• **Stored data**:
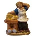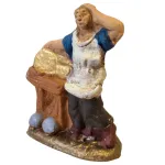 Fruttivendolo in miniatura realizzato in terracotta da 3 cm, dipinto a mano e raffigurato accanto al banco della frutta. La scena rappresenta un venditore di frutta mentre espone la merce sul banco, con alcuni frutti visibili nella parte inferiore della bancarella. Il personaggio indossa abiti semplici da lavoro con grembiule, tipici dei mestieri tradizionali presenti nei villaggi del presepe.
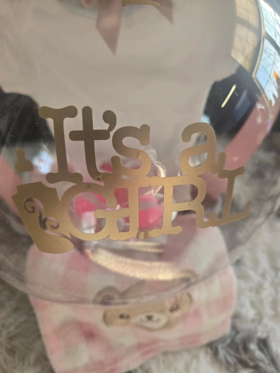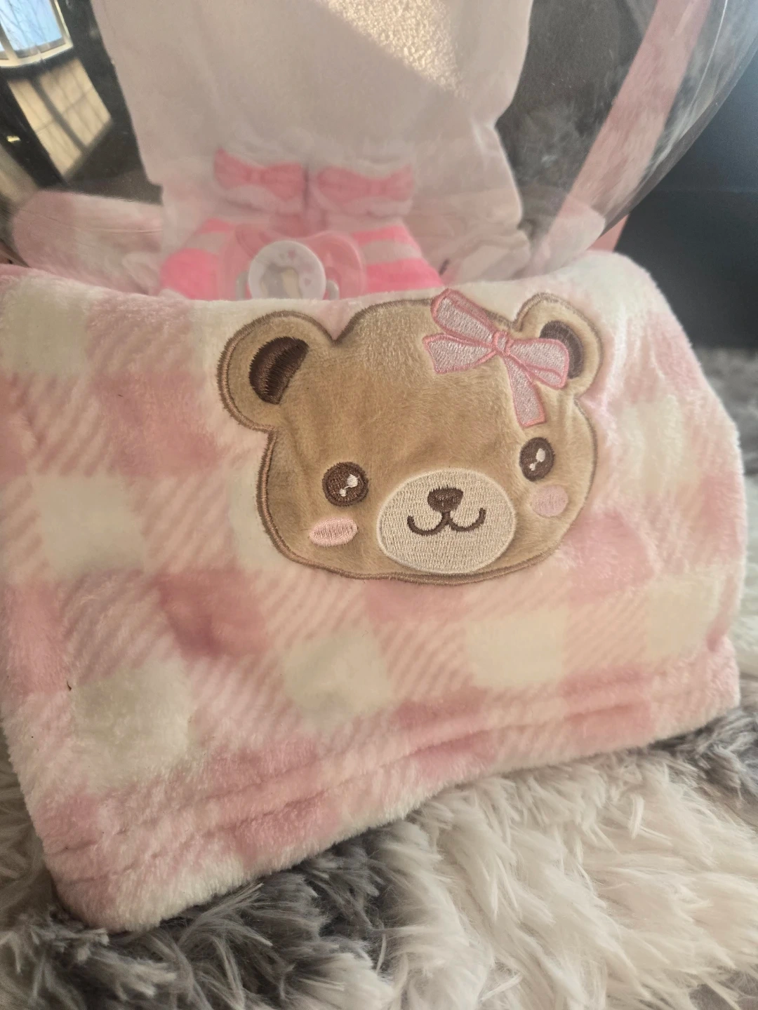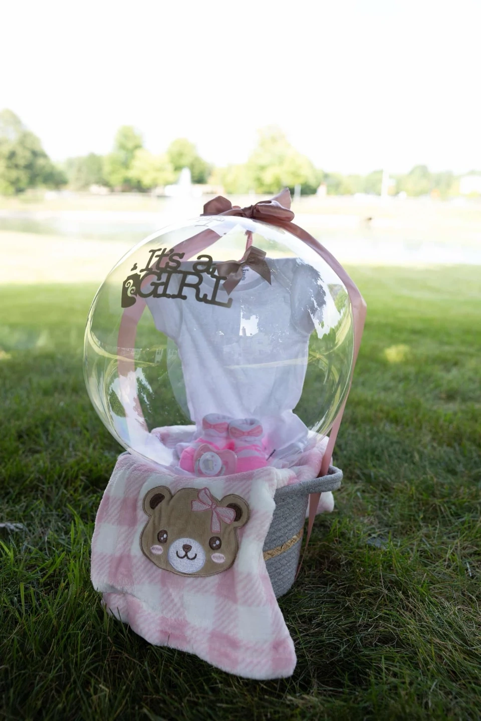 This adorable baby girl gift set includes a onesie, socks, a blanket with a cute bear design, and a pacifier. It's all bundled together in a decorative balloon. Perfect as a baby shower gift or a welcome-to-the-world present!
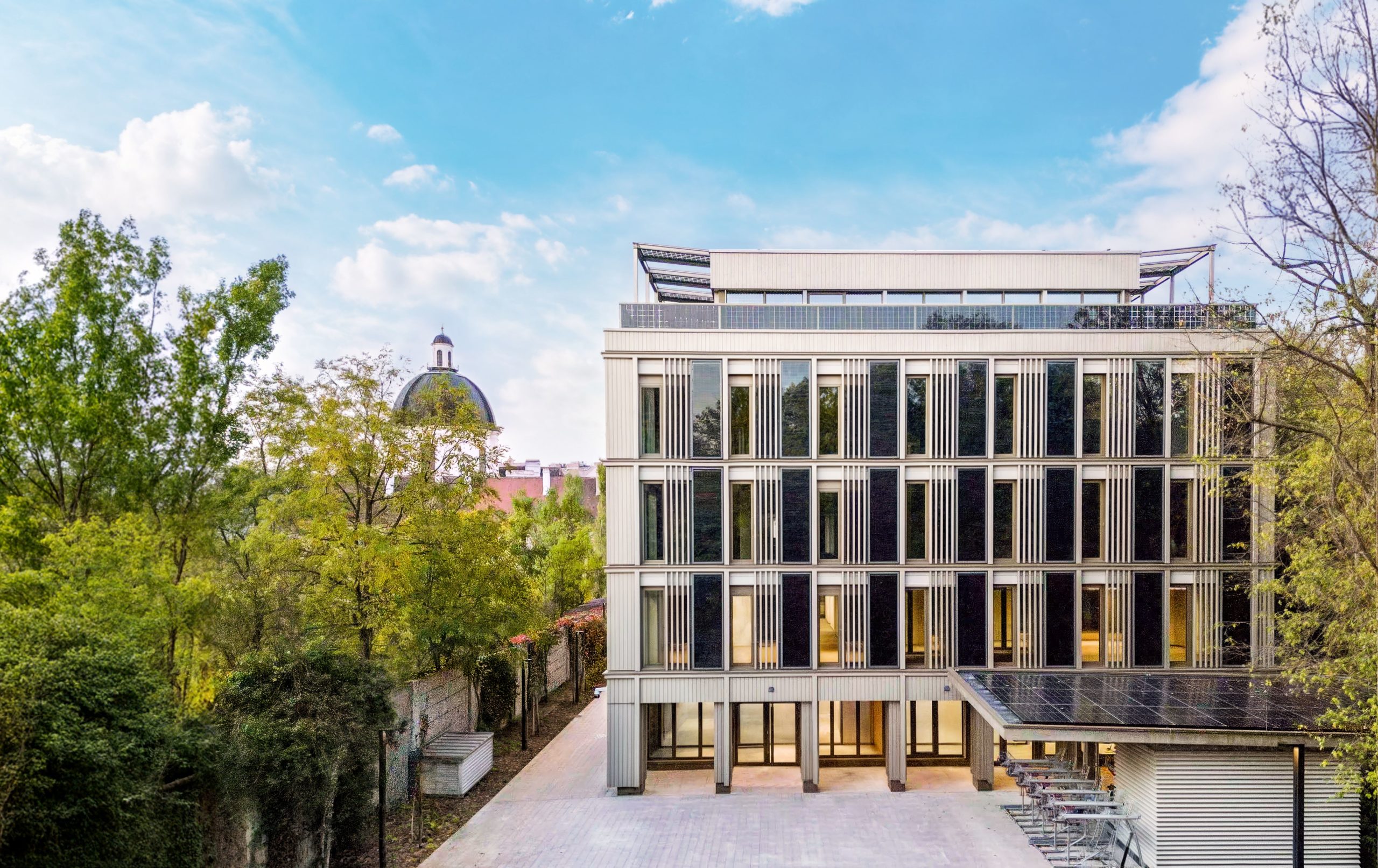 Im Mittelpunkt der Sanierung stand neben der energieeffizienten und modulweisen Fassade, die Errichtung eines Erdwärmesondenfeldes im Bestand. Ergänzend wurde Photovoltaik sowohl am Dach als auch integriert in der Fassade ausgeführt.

• **Task instructions**: Your response must reproduce every line of the data exactly, with images omitted.

• **Result of the task**:
 Fruttivendolo in miniatura realizzato in terracotta da 3 cm, dipinto a mano e raffigurato accanto al banco della frutta. La scena rappresenta un venditore di frutta mentre espone la merce sul banco, con alcuni frutti visibili nella parte inferiore della bancarella. Il personaggio indossa abiti semplici da lavoro con grembiule, tipici dei mestieri tradizionali presenti nei villaggi del presepe.
 This adorable baby girl gift set includes a onesie, socks, a blanket with a cute bear design, and a pacifier. It's all bundled together in a decorative balloon. Perfect as a baby shower gift or a welcome-to-the-world present!
 Im Mittelpunkt der Sanierung stand neben der energieeffizienten und modulweisen Fassade, die Errichtung eines Erdwärmesondenfeldes im Bestand. Ergänzend wurde Photovoltaik sowohl am Dach als auch integriert in der Fassade ausgeführt.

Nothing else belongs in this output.